__DATA SHOWN__:
______

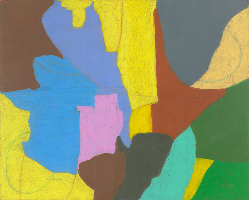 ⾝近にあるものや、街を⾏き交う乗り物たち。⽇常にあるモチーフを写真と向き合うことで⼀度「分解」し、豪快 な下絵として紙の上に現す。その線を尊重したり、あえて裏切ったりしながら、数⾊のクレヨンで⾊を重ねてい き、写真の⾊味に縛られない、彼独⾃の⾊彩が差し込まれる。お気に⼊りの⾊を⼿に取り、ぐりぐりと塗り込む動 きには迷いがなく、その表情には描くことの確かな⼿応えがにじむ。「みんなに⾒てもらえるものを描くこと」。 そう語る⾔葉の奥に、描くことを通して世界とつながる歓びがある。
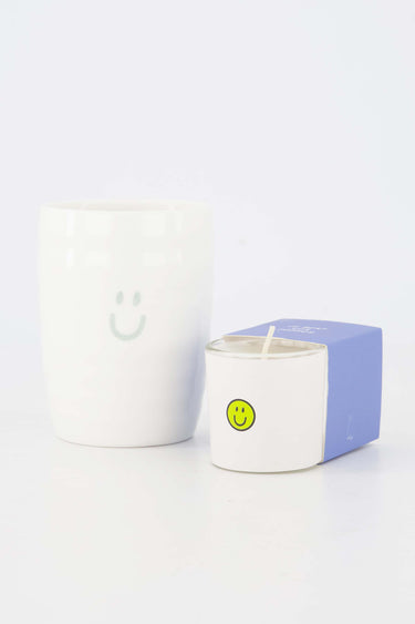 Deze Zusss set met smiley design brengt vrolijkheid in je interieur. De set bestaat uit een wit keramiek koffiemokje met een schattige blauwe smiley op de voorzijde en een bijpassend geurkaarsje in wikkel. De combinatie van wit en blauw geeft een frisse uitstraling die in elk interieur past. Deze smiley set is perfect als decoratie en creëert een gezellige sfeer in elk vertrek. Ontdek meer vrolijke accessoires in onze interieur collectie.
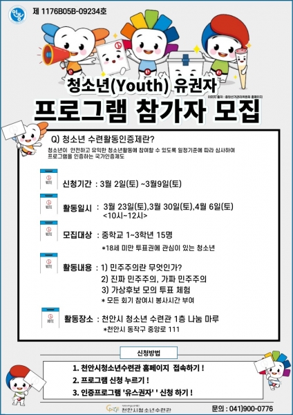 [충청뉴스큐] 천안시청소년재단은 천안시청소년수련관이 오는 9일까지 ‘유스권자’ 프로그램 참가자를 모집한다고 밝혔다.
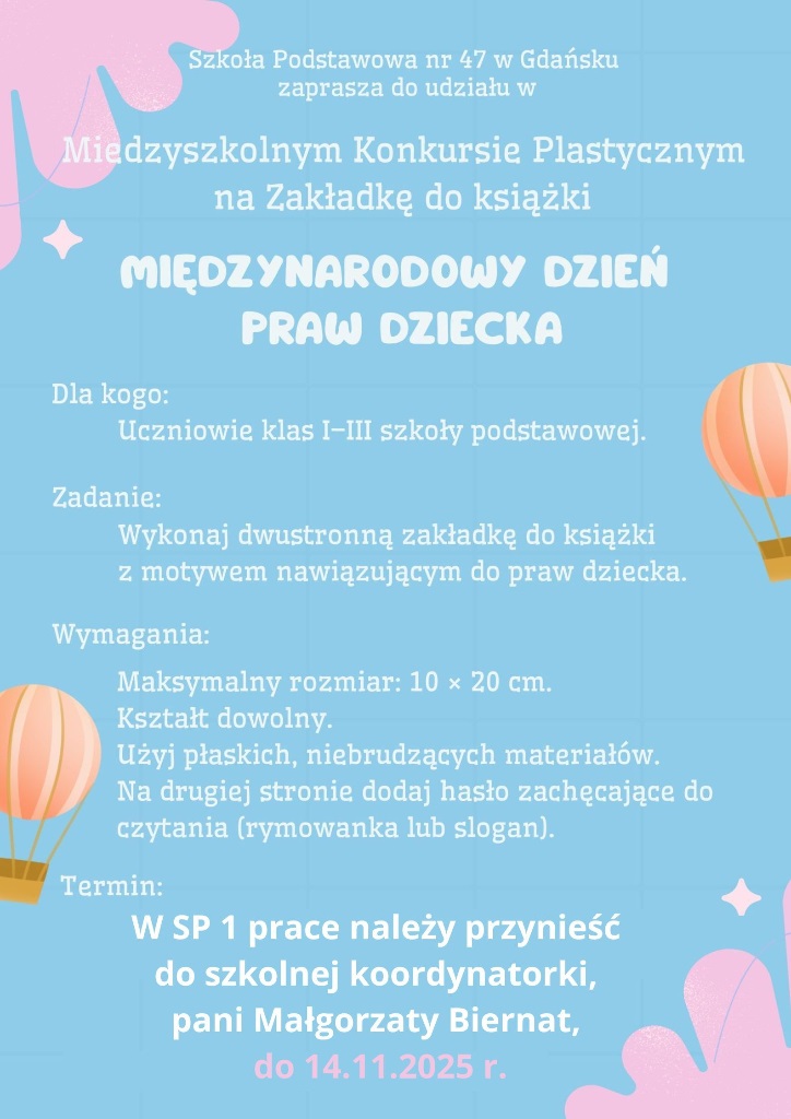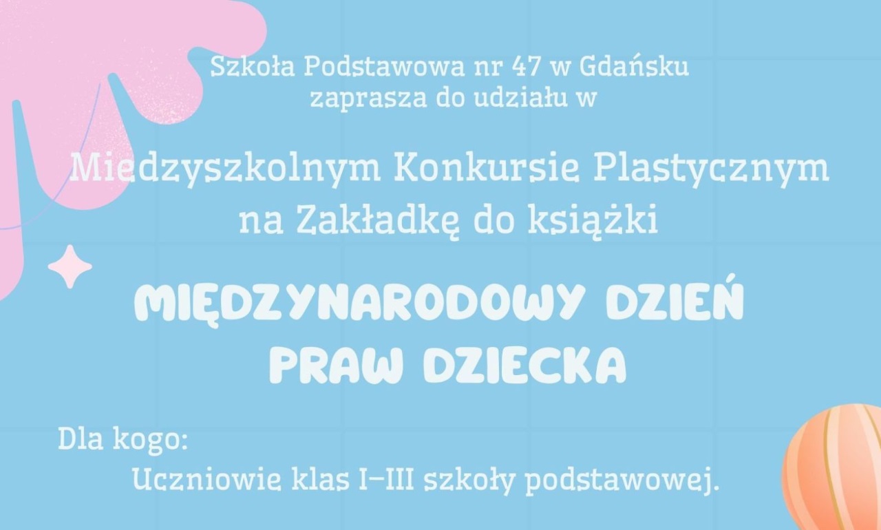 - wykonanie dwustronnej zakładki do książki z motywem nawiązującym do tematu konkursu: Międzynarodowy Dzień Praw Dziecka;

______

Set down again, exactly, the lines from the one with "[충청뉴스큐] 천안시청소년재단은 천안시청소년수련관이" to the last line of the data, both included and pictures excluded.

 [충청뉴스큐] 천안시청소년재단은 천안시청소년수련관이 오는 9일까지 ‘유스권자’ 프로그램 참가자를 모집한다고 밝혔다.
 - wykonanie dwustronnej zakładki do książki z motywem nawiązującym do tematu konkursu: Międzynarodowy Dzień Praw Dziecka;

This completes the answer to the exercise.